### PROBLEM
The whole listing, except its pictures, is to be repeated exactly.

### GIVEN MATERIAL
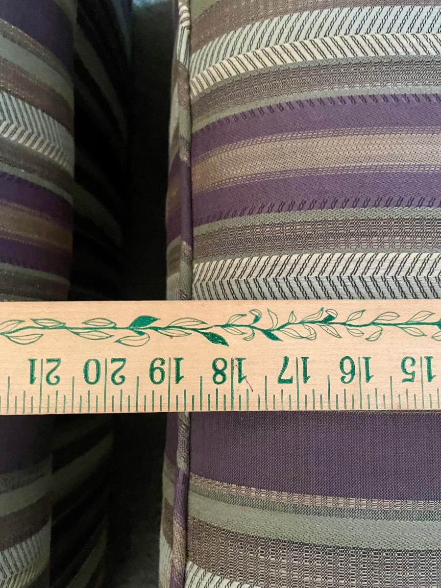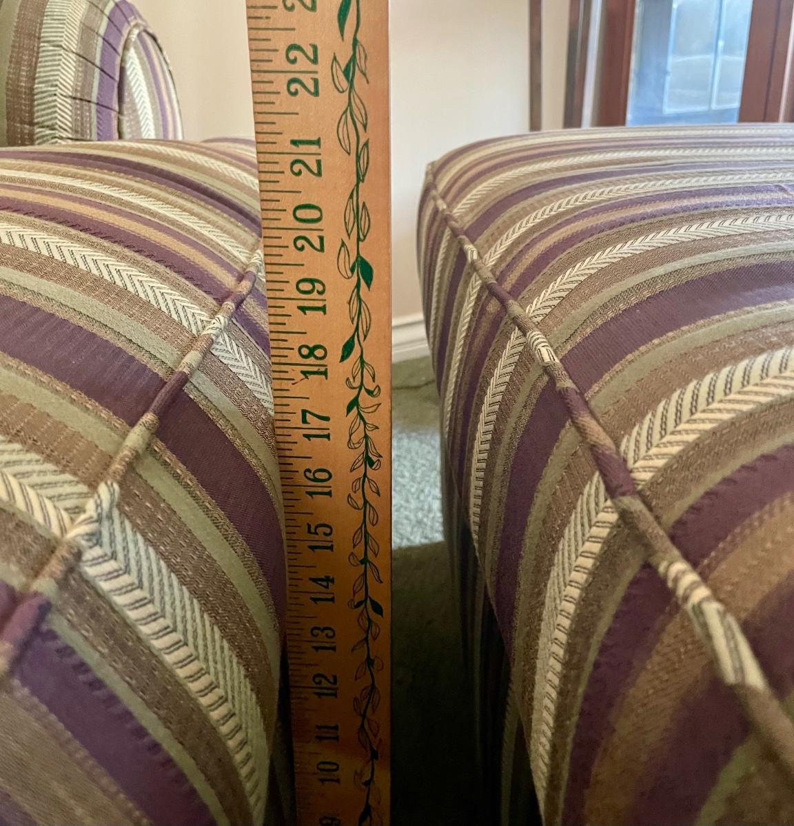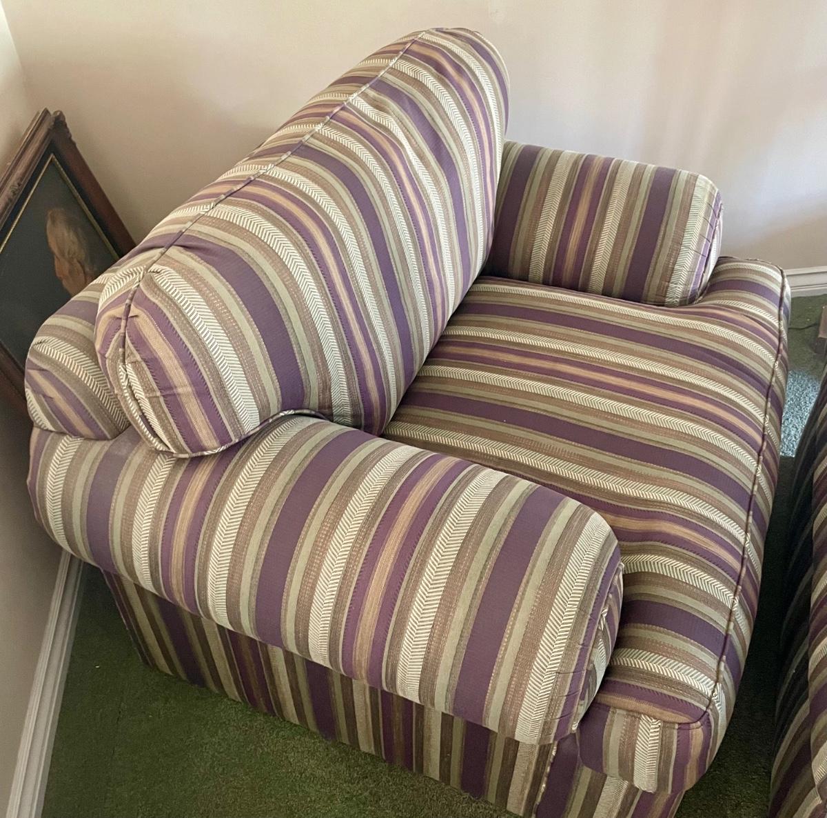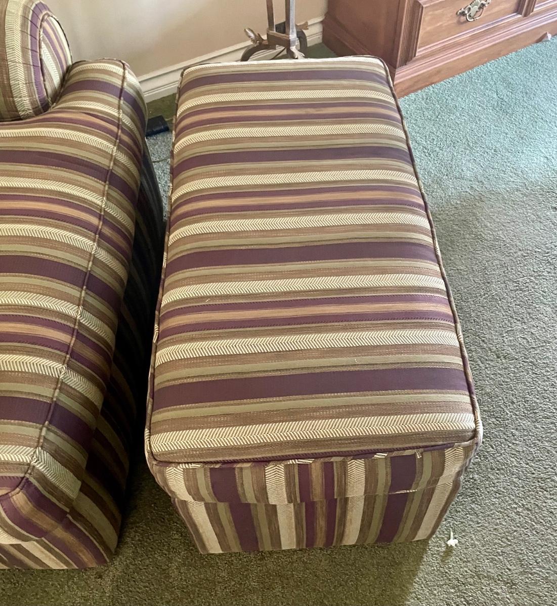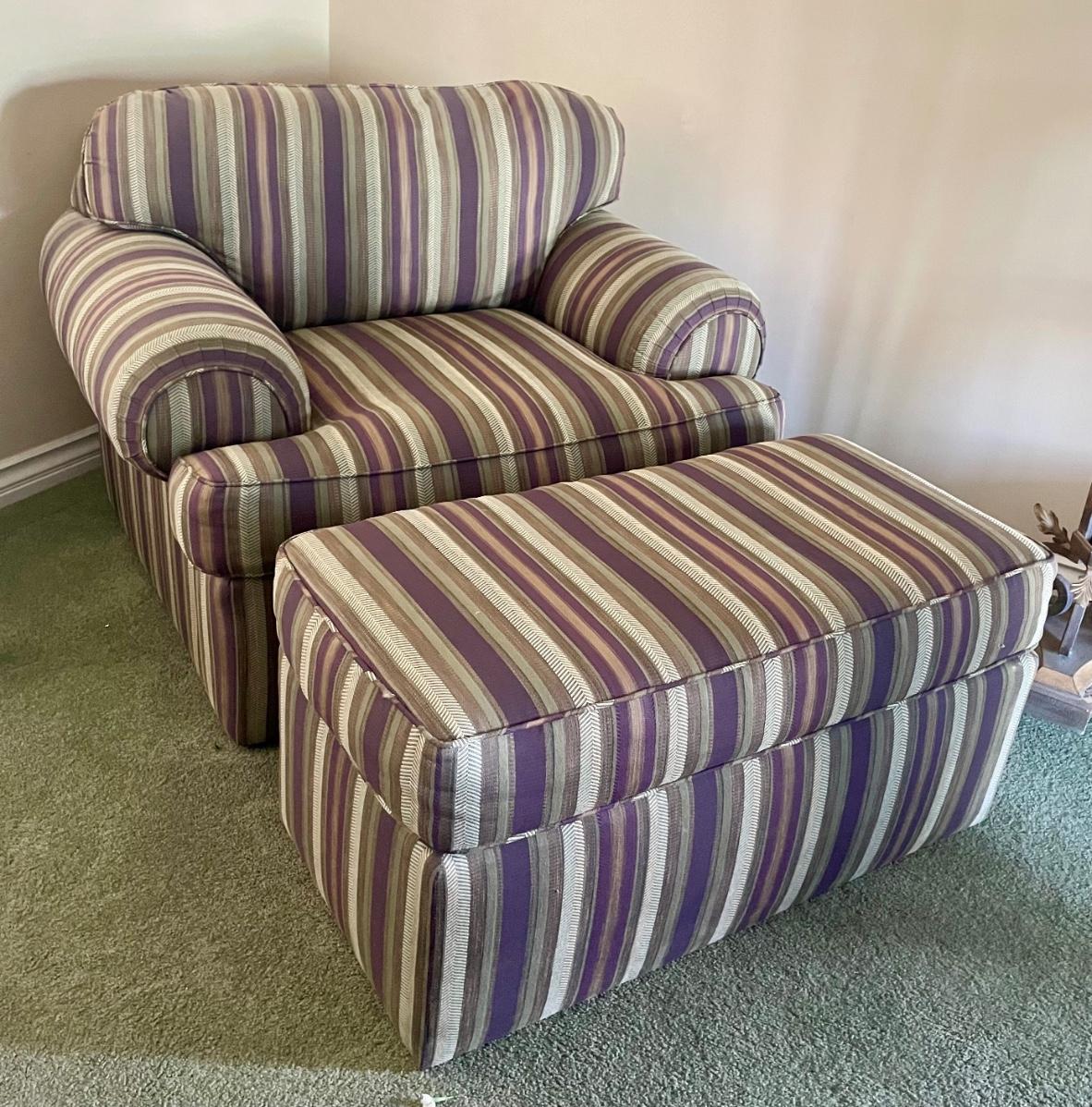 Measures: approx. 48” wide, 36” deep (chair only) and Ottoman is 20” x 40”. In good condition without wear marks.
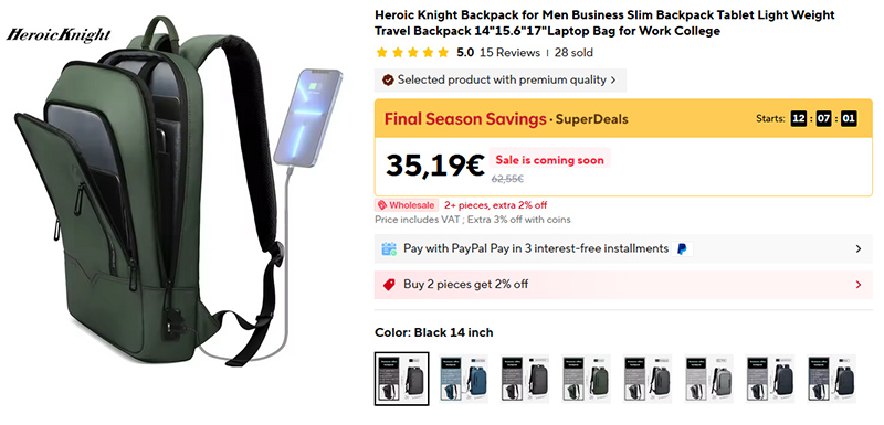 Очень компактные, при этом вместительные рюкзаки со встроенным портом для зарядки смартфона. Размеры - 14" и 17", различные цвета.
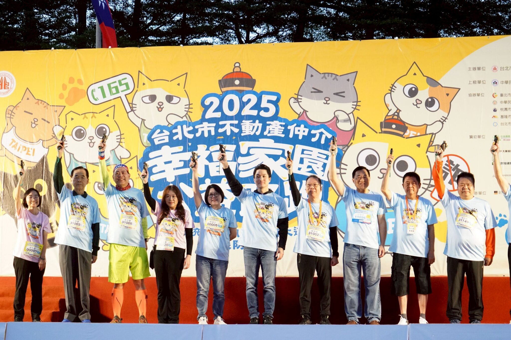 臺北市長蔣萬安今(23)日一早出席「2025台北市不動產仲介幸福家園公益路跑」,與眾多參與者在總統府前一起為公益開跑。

### EXERCISE SOLUTION
 Measures: approx. 48” wide, 36” deep (chair only) and Ottoman is 20” x 40”. In good condition without wear marks.
 Очень компактные, при этом вместительные рюкзаки со встроенным портом для зарядки смартфона. Размеры - 14" и 17", различные цвета.
 臺北市長蔣萬安今(23)日一早出席「2025台北市不動產仲介幸福家園公益路跑」,與眾多參與者在總統府前一起為公益開跑。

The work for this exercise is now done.